"It's old news. I am glad that they have finally read the information contained in concluded investigations - as this information, showing that one destination was indicated while the final destination was different, and flights were camouflaged, is already known. Perhaps they found some other document showing that some flight data were wrong, but that does not change or in some significant way add to our investigation conclusions," Anusauskas told BNS.
The Vilnius-based Human Rights Monitoring Institute said on Monday that Reprieve had provided new flight data-related evidence to the European Court of Human Rights, updating information on circumstances in Abu Zubaydah's case against Lithuania.
"The published documents show that flight operators – aviation companies contracted by the CIA – would falsify flight itineraries and would switch planes in the middle of the itinerary in order to disguise the real destination. False information about itineraries would be also provided to the Lithuanian civil aviation institutions. It was this false information that the Seimas Committee on National Security and Defense later based its parliamentary investigation into CIA activities in Lithuania on," the statement says.
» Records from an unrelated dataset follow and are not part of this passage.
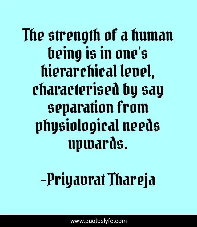 This page presents the quote "The strength of a human being is in one's hierarchical level, characterised by say separation from physiological needs upwards.". Author of this quote is Priyavrat Thareja. This quote is about hierarchy, elevation, human,.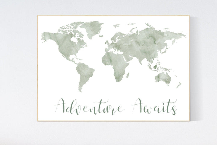 World map nursery, sage green world map, adventure awaits, world map wall art nursery, nursery wall art world map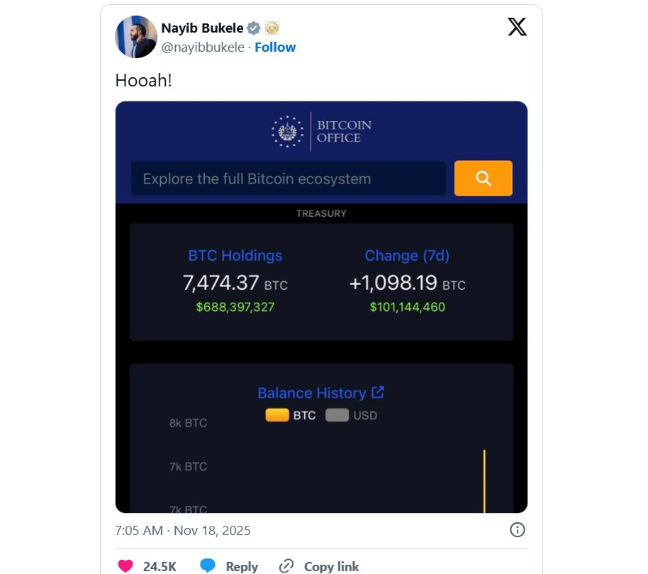 Tổng thống Nayib Bukele trực tiếp công bố các thương vụ này trên mạng xã hội, ăn mừng cột mốc mới trong chính sách tiền số của đất nước. Với 7.474 BTC trong “kho bạc số”, El Salvador củng cố vị thế quốc gia tiên phong trong làn sóng chấp nhận Bitcoin ở cấp thể chế.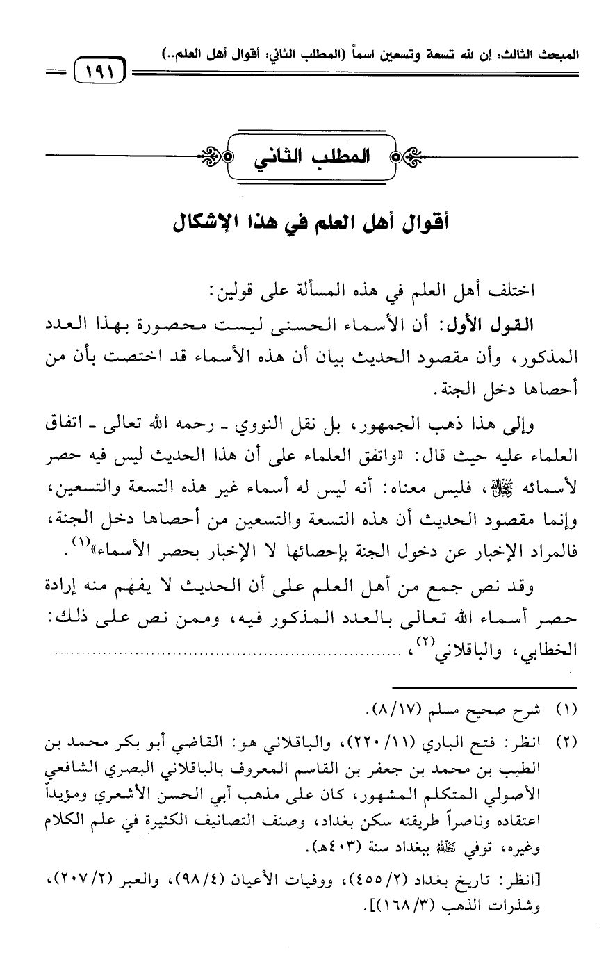 وقد نص جمع من أهل العلم على أن الحديث لا يفهم منه إرادة حصر أسماء الله تعالى بالعدد المذكور فيه، وممن نص على ذلك: الخطابي، والباقلاني (¬٢)، ..................................................................
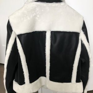 White faux fur shearling and faux suede jacket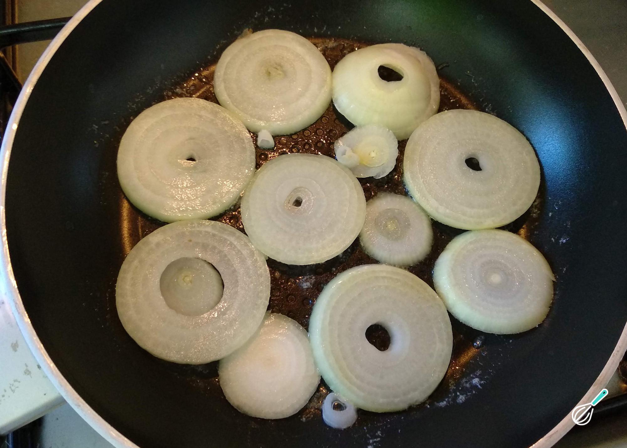 Numa frigideira derreta a manteiga e coloque as cebolas cortadas em rodelas, tentando não sobrepôr. Deixe no fogo médio para baixo até ficarem transparentes - cerca de 5 minutos.

It also adds that the parliamentary probe conclusions state that an N733MA plane contracted by the CIA landed in Palanga on 25 March 2006 and left for Porto in Portugal. But in reality this plane, owned by Computer Sciences Corporation, landed in Cairo, Egypt. Meanwhile another plane hired by the CIA from the same company waited there and soon left for Kabul, Afghanistan.
"This flight information matches previously published information that the secret CIA detention center in Lithuania was closed in early 2006 and the prisoners were moved to Afghanistan," the statement said.
"As I said, it's old news. Finally, if they think they have some new information, they can provide it to prosecutors for the investigation to be resumed," Anušauskas said.
Lithuanian prosecutors carried out an investigation into alleged existence of CIA prisons in Lithuania but dropped it in 2011 having concluded that there was no basis for criminal prosecution.
Their probe followed a request by the Seimas Committee on National Security and Defense, which, following 2009 reports in the US media about an alleged CIA prison in Lithuania, carried out its own investigation. It established that planes linked to the rendition of people detained by the CIA in official investigations crossed the Lithuanian airspace on numerous occasions in 2002-2005.
The investigation established that there were conditions created in Lithuania for bringing CIA detainees into the country and taking them out of the country, but it did not find evidence that any suspected terrorists were actually brought to Lithuania.